Letting my kids into my world a little more has taken some of the pressure off of hiding how I’m feeling. Things feel a little more manageable, and I don’t panic as much about the next serious Crohn’s flare that may require a trip to the hospital. My kids may never stop worrying, but now they’ll be a little more equipped to handle medical issues that pop up for me in the future. As a true test of this theory, my children recently watched me go through gallbladder surgery. The fact that I would go to the hospital was no longer scary for them, and they were very attentive when I got home. After learning about the digestive system, they were very interested in talking about the role of the gallbladder and how a person could live without one.

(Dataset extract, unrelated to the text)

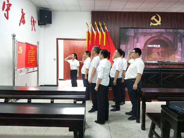“我志愿加入中國共產黨……”大家在蕭石月故居里,高舉右手,莊嚴宣誓,重溫入黨時的決心和信念。追憶革命精神,緬懷紀檢監(jiān)察戰(zhàn)線革命先烈,使命感油然而生。

I'm so glad that I chose to be more open with my kids. By sharing my diagnosis in a way that was calm and focused on information spread out over time, the kids learned to feel comfortable talking about bodies and how they may be different from one another. They also learned to feel a little less panicked about moments when I don't feel well. I'm so glad that I shared my disease with the kids, it's helped to bring out their nurturing side and may just teach them to take care of themselves, as well as others who need a little more help to stay well (like their mom).